Но никто не мог так умело проткнуть банкиров, баронов-разбойников и клановых капиталистов этой сломанной эпохи, как Алекс.
Его последняя колонка для The Nation Это был восхитительный разгром всех темных игроков, вовлеченных в схему крупнейших банкиров мира по фиксированию ставок. Банкиры, конечно, получили должное, но и регуляторы тоже. податливые СМИ. «Теперь оказывается, что все дело в исправлении — слишком заметна грязная рука», — написал Алекс. «Возможно ли реформирование банковской системы? Есть обычные панацеи — ужесточение правил, жестокие наказания за проступки, пожизненный запрет на участие в финансовых рынках. Но я должен сказать, что я в сомнениях. Я думаю, что система рухнет, но не через наше агентство».
Случайные читатели могут представить себе тьму в заключительной строке последнего слова Алекса. Народ колонка, опубликованная при его жизни. Но это неправильное прочтение. Алекс разделял веру Тома Пейна в необходимость информации и понимания, необходимости говорить правду властям; Он знал, что это будет важным элементом построения активизма, который положит начало миру заново. Он был радикальным демократом, который в конечном итоге верил в способность народа свергнуть коррупцию империи, которую в противном случае политики и корпоративные СМИ сохраняли бы на месте.

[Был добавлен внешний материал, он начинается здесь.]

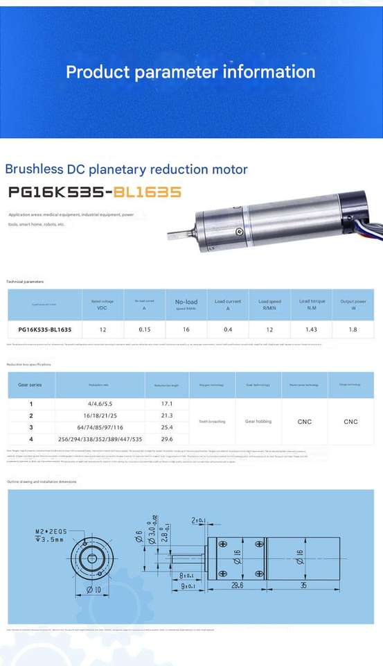 Nom du produit:Moteur sans brosse planétaire de 12mm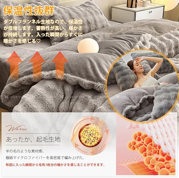 【極上暖かい&ラビットファー調加工】ポコポコ表面はラビットファー調の特殊素材を使用し、保温性が抜群、冬の冷えた空気の中でも優しく暖かい使い心地です。うさぎの毛皮のように柔らかくふわふわで、厚みがあるので、布団を中に入れず毛布としても使用可能。裏地はフランネル ( 極細マイクロファイバー)で編み上げた、入った瞬間からすぐに暖かさを感じる事ができます。冬の寒い時期には欠かせない一品です。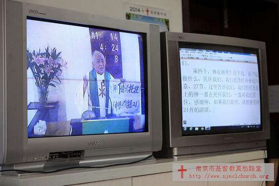 四楼会场中有两台电视机,一台电视显示主会场的礼拜过程,另一台电视连接速录员电脑,及时显示速录员所记录的牧师讲道内容,通过这两台电视,聋哑人信徒可以通过观看的方式进行正常礼拜。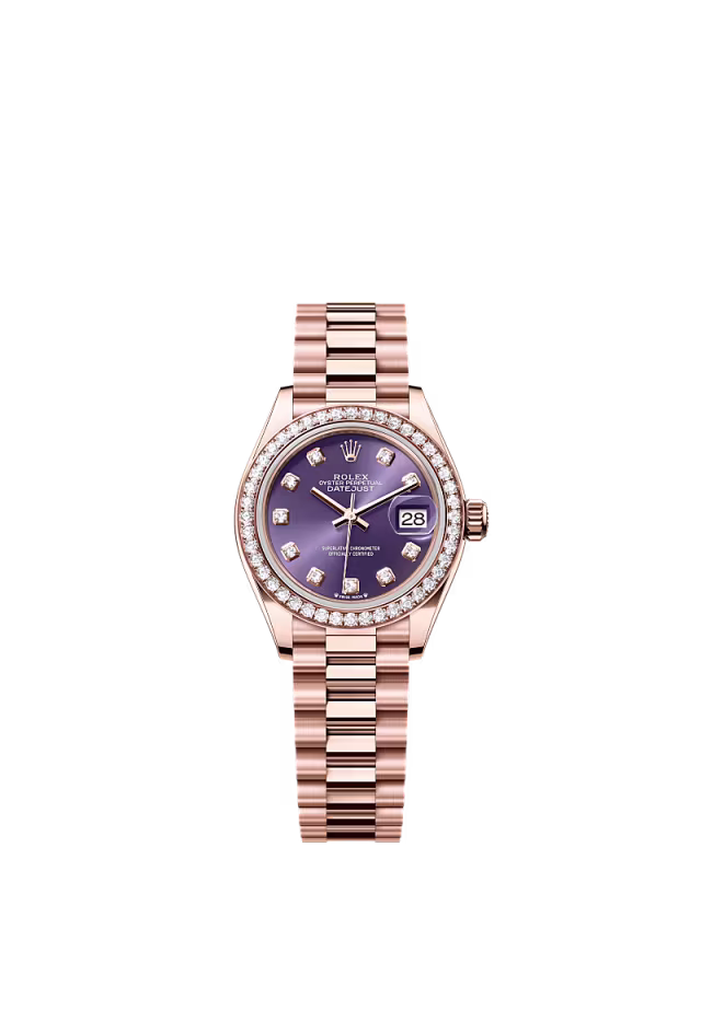 Zarif güzellik Bu 18 kt Everose altın Oyster Perpetual Lady-Datejust, çikolata rengi kadrana ve Jubilee bileziğe sahiptir.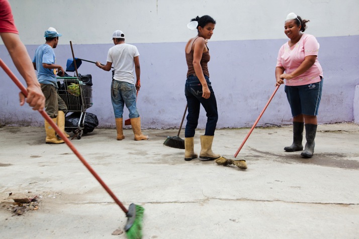 Bilgisayarlar, fotokopi makineleri, yazı masaları, toplantı odaları için niyet edilen mahallerde şimdi evler, sokaklar, dükkânlar ve kiliseler var. Yer yer monte edilmiş olan ayna-camların yanı başında, Latin Amerika evsizlerinin barınaklarına özgü, derzlerindeki harç etrafa bulaşmış tuğla ve briketler var. Asansör yok. Bu demek ki, binanın kimi sakinleri 28 kat merdiven inip çıkmak zorunda. 47 katlı kulenin üst katları bu yüzden işgal edilmemiş. Merdivenlerin çoğunun korkuluğu yok, varsa bile derme çatma. Bu durumun yarattığı tehlike, şehrin merkezinde barınacak bir yer bulmuş olanların göze aldığı bir risk olarak görülüyor.

Алекс сохранял радикальную веру, неуклонно и постоянно, отправляясь на край земли, чтобы освещать очередную историю восстания и революции, отправляясь в дальние уголки Соединенных Штатов, чтобы узнать новости о том, что американцы больше не принимают ее. Если собралась толпа и если они подняли красный флаг или какой-нибудь флаг протеста, Алексу этого было достаточно. Он сообщал об их борьбе, обычно в The Nation, Но причислены на страницах Нью-Йорк ревью оф букс, Харпер, Эсквайр, Village Voice и (на короткий период, столь же замечательный, сколь и ироничный) Wall Street Journal.

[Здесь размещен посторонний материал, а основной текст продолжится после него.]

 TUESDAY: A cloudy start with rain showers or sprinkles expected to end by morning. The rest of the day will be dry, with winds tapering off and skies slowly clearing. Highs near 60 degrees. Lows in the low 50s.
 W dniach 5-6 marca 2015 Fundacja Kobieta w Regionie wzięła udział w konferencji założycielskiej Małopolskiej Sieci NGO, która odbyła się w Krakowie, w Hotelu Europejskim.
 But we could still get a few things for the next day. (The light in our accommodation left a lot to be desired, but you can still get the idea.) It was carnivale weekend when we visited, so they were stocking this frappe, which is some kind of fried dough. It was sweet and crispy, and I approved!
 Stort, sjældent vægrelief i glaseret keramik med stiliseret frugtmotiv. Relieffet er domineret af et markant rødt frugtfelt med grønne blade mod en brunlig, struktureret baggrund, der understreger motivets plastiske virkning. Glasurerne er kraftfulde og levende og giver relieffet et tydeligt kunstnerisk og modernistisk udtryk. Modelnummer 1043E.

Алекс выбрал в качестве названия и основной темы своего лучшего сборника эссе Золотой век в нас (версия), фраза от антрополога Клод Леви-Стросс. In Тристес Тристес Леви-Стросс писал:
Если людей всегда волновала только одна задача — как создать общество, пригодное для жизни, — силы, вдохновлявшие наших далеких предков, присутствуют и в нас. Ничего не решено; все еще можно изменить. То, что было сделано, но оказалось не так, можно сделать снова. Золотой Век, который слепое суеверие поставило позади [или впереди] нас, находится в нас.

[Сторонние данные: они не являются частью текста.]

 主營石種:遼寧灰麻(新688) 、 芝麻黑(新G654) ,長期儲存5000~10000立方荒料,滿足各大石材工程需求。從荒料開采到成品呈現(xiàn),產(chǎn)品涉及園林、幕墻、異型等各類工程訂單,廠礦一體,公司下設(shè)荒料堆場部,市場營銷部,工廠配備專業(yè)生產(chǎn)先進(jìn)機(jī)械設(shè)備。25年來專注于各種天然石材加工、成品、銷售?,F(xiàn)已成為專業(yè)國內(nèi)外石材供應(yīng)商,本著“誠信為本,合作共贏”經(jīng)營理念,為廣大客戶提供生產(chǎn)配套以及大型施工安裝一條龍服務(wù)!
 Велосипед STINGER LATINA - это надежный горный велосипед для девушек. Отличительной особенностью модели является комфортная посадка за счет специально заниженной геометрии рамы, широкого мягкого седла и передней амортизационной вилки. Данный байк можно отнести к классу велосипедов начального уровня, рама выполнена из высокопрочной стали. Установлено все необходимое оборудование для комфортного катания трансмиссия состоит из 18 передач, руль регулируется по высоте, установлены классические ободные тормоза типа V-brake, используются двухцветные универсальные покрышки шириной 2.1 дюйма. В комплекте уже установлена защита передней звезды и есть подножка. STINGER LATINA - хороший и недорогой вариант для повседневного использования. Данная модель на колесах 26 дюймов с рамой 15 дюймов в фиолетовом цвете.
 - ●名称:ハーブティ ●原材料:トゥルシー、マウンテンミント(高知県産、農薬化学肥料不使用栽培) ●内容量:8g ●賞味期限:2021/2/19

Алекс научил меня, он научил нас всех, что это не были вежливо-оптимистические слова. Они требовательны. Они предполагают, что у нас меньше оправданий, чем мы думали, что это то место, что сейчас самое время и что есть истина в максиме, которая гласит, что мы — те люди, которых мы ждали.
ZNetwork финансируется исключительно за счет щедрости своих читателей.